### About this exercise
Please go line by line and repeat the data below exactly, with no images.

### Supplied information

- - - - - - -

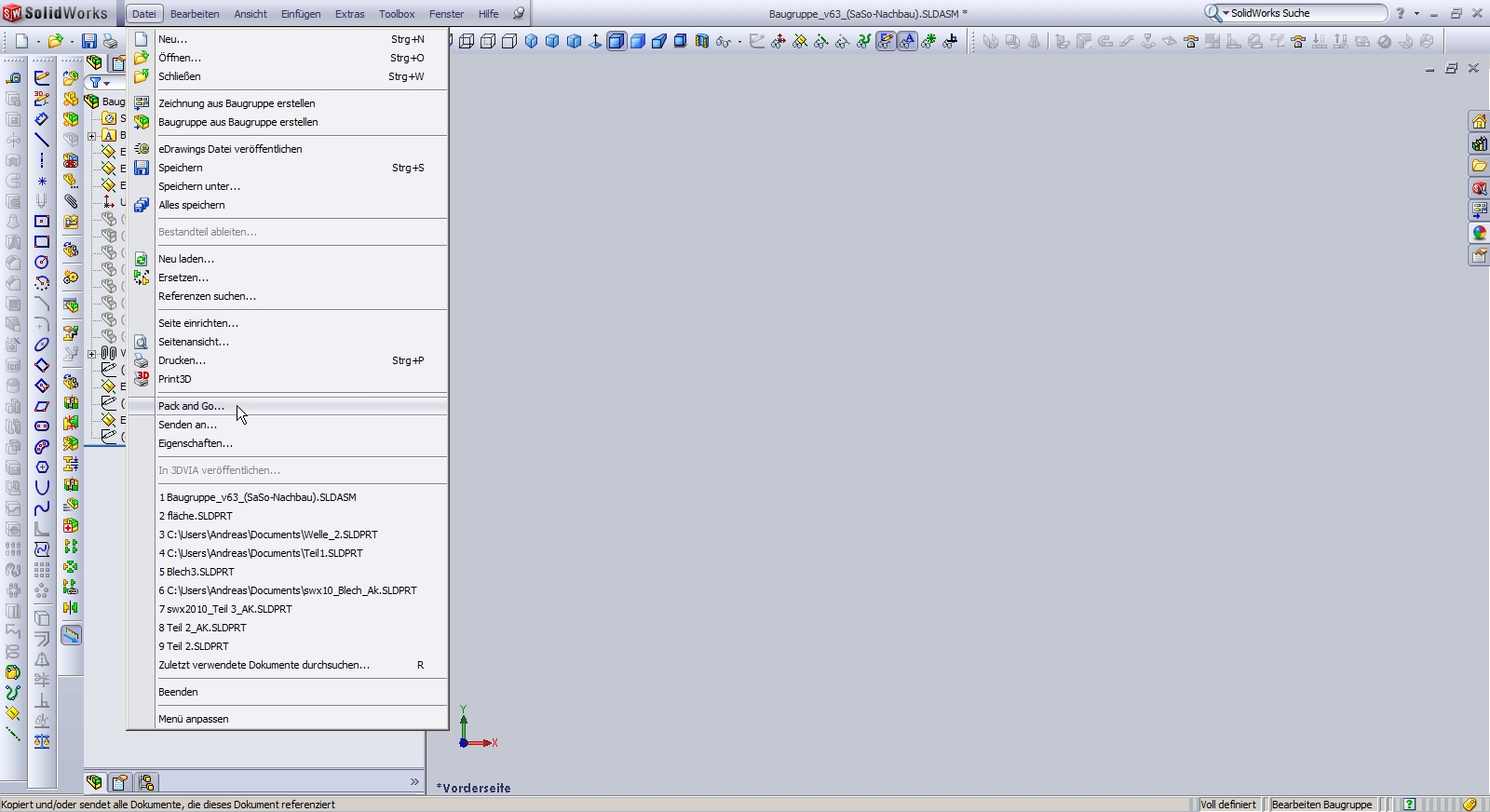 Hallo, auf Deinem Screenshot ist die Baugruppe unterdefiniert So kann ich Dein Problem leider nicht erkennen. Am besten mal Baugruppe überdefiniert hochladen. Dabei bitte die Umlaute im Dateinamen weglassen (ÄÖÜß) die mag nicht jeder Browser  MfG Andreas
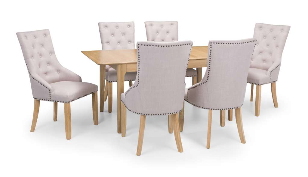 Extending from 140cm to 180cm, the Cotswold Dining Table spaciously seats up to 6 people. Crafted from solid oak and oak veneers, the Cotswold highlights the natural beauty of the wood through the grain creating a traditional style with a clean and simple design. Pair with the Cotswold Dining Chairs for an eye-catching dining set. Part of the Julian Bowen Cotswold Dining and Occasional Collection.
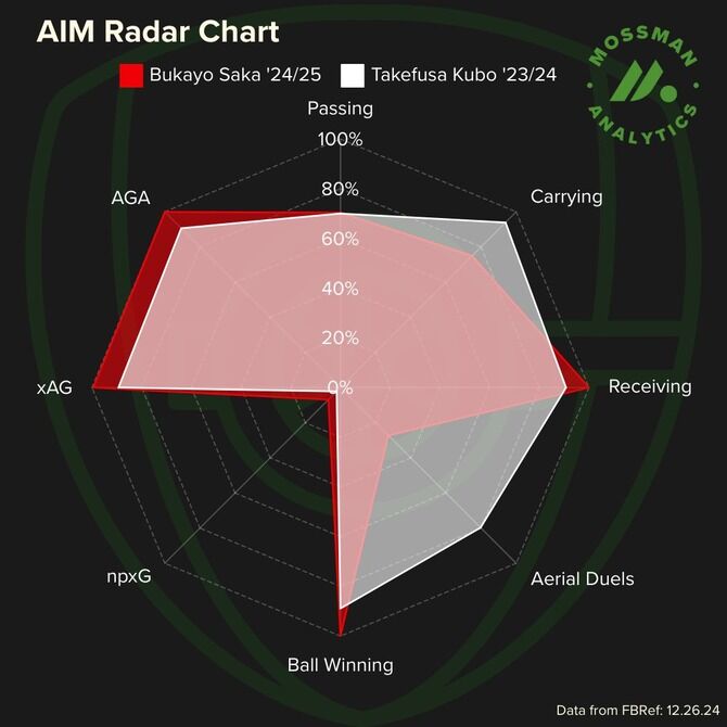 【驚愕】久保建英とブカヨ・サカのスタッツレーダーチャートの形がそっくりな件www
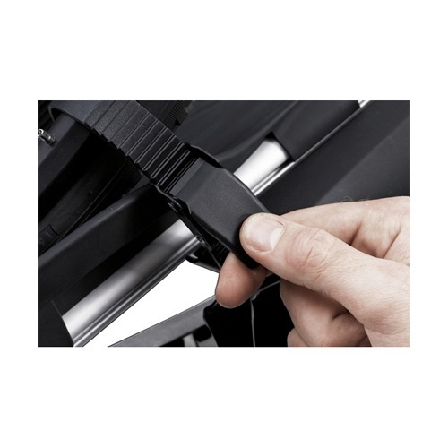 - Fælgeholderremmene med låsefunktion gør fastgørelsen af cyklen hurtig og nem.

- - - - - - -

### Reply
 Hallo, auf Deinem Screenshot ist die Baugruppe unterdefiniert So kann ich Dein Problem leider nicht erkennen. Am besten mal Baugruppe überdefiniert hochladen. Dabei bitte die Umlaute im Dateinamen weglassen (ÄÖÜß) die mag nicht jeder Browser  MfG Andreas
 Extending from 140cm to 180cm, the Cotswold Dining Table spaciously seats up to 6 people. Crafted from solid oak and oak veneers, the Cotswold highlights the natural beauty of the wood through the grain creating a traditional style with a clean and simple design. Pair with the Cotswold Dining Chairs for an eye-catching dining set. Part of the Julian Bowen Cotswold Dining and Occasional Collection.
 【驚愕】久保建英とブカヨ・サカのスタッツレーダーチャートの形がそっくりな件www
 - Fælgeholderremmene med låsefunktion gør fastgørelsen af cyklen hurtig og nem.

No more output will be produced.